__TASK GOAL__
Once you have located the line containing "巴拉巴拉童装女童裙子儿童连衣裙2026夏新款新中式旗袍裙拼接网纱" in the material below, return it exactly along with each line after it through the line containing "hbs final exam".

__GIVEN ENTRIES__
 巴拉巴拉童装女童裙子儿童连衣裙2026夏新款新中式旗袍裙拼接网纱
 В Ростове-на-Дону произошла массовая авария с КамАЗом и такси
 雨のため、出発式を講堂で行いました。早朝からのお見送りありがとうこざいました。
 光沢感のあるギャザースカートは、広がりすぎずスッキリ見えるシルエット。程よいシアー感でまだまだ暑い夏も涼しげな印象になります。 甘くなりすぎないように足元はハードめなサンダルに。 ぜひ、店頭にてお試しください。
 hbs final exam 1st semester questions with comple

...

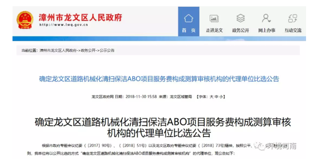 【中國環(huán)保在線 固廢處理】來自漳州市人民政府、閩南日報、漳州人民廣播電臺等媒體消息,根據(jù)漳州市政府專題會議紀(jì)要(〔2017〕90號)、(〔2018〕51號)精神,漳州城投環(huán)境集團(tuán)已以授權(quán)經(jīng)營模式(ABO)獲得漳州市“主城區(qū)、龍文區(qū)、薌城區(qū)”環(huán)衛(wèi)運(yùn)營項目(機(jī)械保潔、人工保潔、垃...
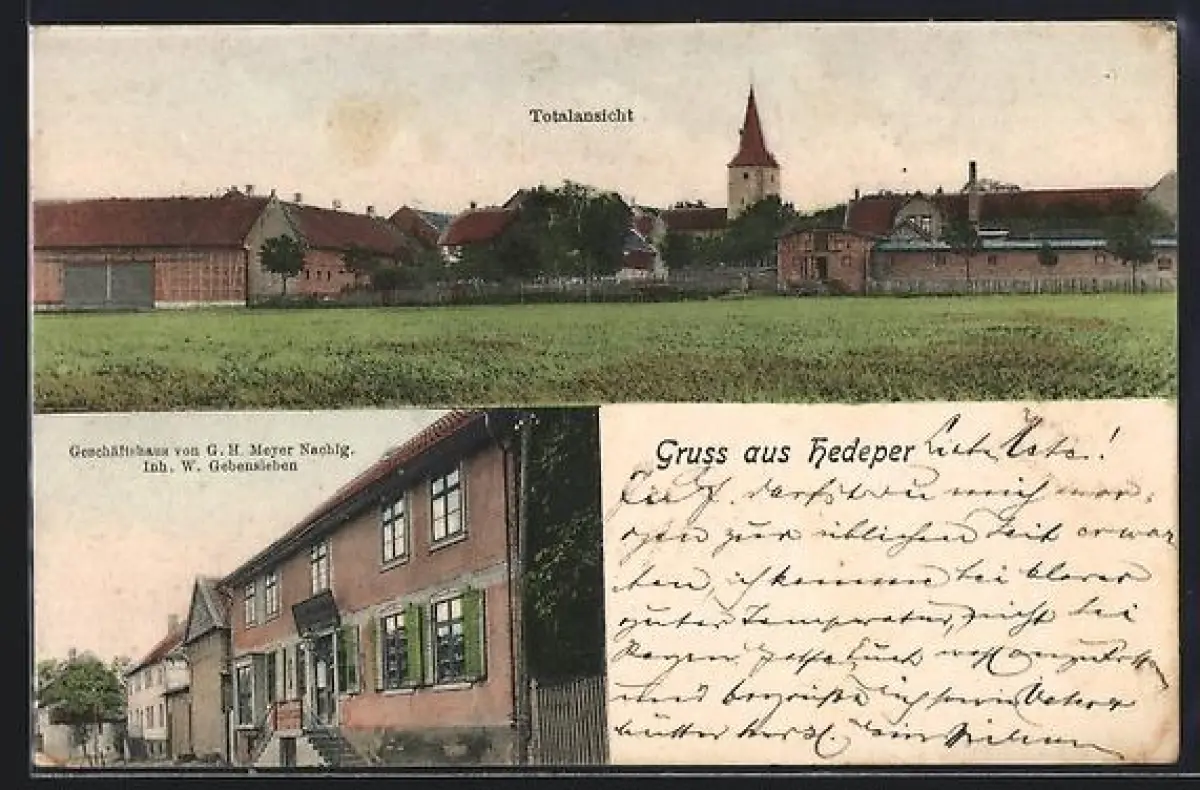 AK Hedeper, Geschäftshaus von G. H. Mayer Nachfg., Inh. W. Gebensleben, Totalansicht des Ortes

__RESPONSE TO THE TASK__
 巴拉巴拉童装女童裙子儿童连衣裙2026夏新款新中式旗袍裙拼接网纱
 В Ростове-на-Дону произошла массовая авария с КамАЗом и такси
 雨のため、出発式を講堂で行いました。早朝からのお見送りありがとうこざいました。
 光沢感のあるギャザースカートは、広がりすぎずスッキリ見えるシルエット。程よいシアー感でまだまだ暑い夏も涼しげな印象になります。 甘くなりすぎないように足元はハードめなサンダルに。 ぜひ、店頭にてお試しください。
 hbs final exam 1st semester questions with comple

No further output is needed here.